### Task instructions
Your output should be the lines below from the one holding "내가 원하는 데이터는" through the one holding "Set the Destination", transcribed exactly, with no pictures.

*** Supplied data Section Begins ***

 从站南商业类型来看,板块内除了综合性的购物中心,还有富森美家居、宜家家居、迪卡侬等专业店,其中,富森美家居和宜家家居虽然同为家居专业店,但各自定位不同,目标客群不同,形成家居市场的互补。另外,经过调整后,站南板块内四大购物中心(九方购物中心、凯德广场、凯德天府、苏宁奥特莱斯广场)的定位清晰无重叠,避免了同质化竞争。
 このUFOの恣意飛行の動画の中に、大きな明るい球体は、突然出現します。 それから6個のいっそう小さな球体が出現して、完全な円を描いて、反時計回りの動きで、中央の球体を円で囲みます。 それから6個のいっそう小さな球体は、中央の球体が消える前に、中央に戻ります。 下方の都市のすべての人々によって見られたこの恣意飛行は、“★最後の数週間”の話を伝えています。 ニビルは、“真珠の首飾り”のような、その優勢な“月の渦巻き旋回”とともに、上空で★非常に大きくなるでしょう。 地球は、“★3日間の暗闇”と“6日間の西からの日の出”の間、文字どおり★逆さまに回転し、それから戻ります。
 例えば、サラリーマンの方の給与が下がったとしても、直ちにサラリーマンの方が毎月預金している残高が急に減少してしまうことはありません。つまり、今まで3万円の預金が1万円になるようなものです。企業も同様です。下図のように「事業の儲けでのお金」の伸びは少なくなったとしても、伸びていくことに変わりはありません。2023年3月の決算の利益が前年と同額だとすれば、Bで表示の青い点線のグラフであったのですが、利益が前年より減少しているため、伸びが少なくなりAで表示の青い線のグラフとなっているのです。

*** Supplied data Section Ends ***
*** Supplied data Section Begins ***

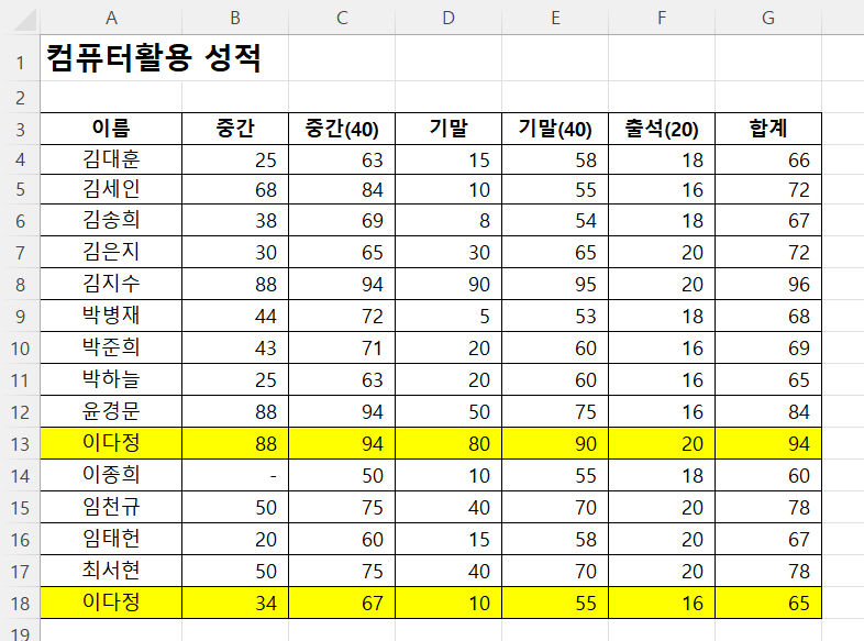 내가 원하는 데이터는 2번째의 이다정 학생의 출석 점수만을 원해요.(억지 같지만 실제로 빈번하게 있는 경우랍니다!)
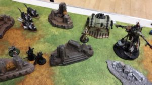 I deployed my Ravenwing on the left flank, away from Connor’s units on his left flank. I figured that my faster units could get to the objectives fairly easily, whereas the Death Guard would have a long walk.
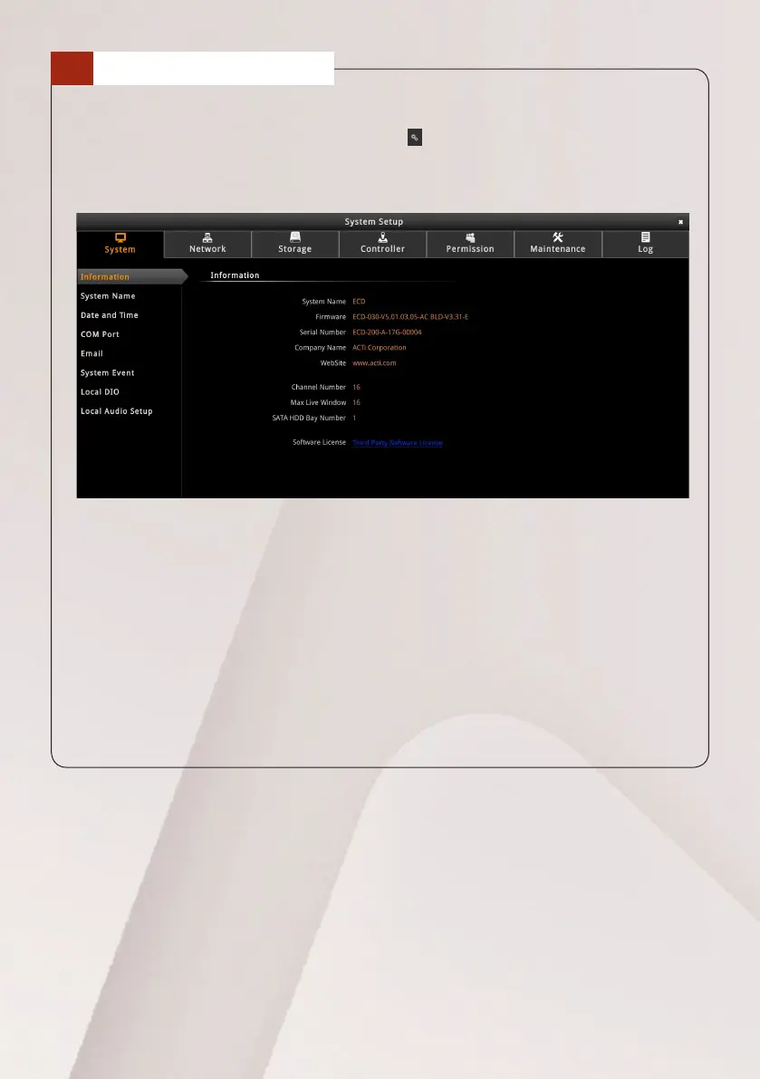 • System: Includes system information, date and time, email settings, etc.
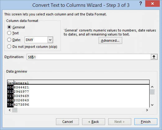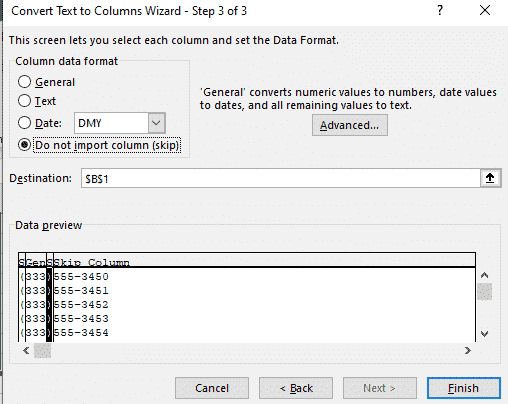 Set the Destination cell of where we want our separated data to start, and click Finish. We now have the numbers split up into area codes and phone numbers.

*** Supplied data Section Ends ***

### Reply to the exercise
 내가 원하는 데이터는 2번째의 이다정 학생의 출석 점수만을 원해요.(억지 같지만 실제로 빈번하게 있는 경우랍니다!)
 I deployed my Ravenwing on the left flank, away from Connor’s units on his left flank. I figured that my faster units could get to the objectives fairly easily, whereas the Death Guard would have a long walk.
 • System: Includes system information, date and time, email settings, etc.
 Set the Destination cell of where we want our separated data to start, and click Finish. We now have the numbers split up into area codes and phone numbers.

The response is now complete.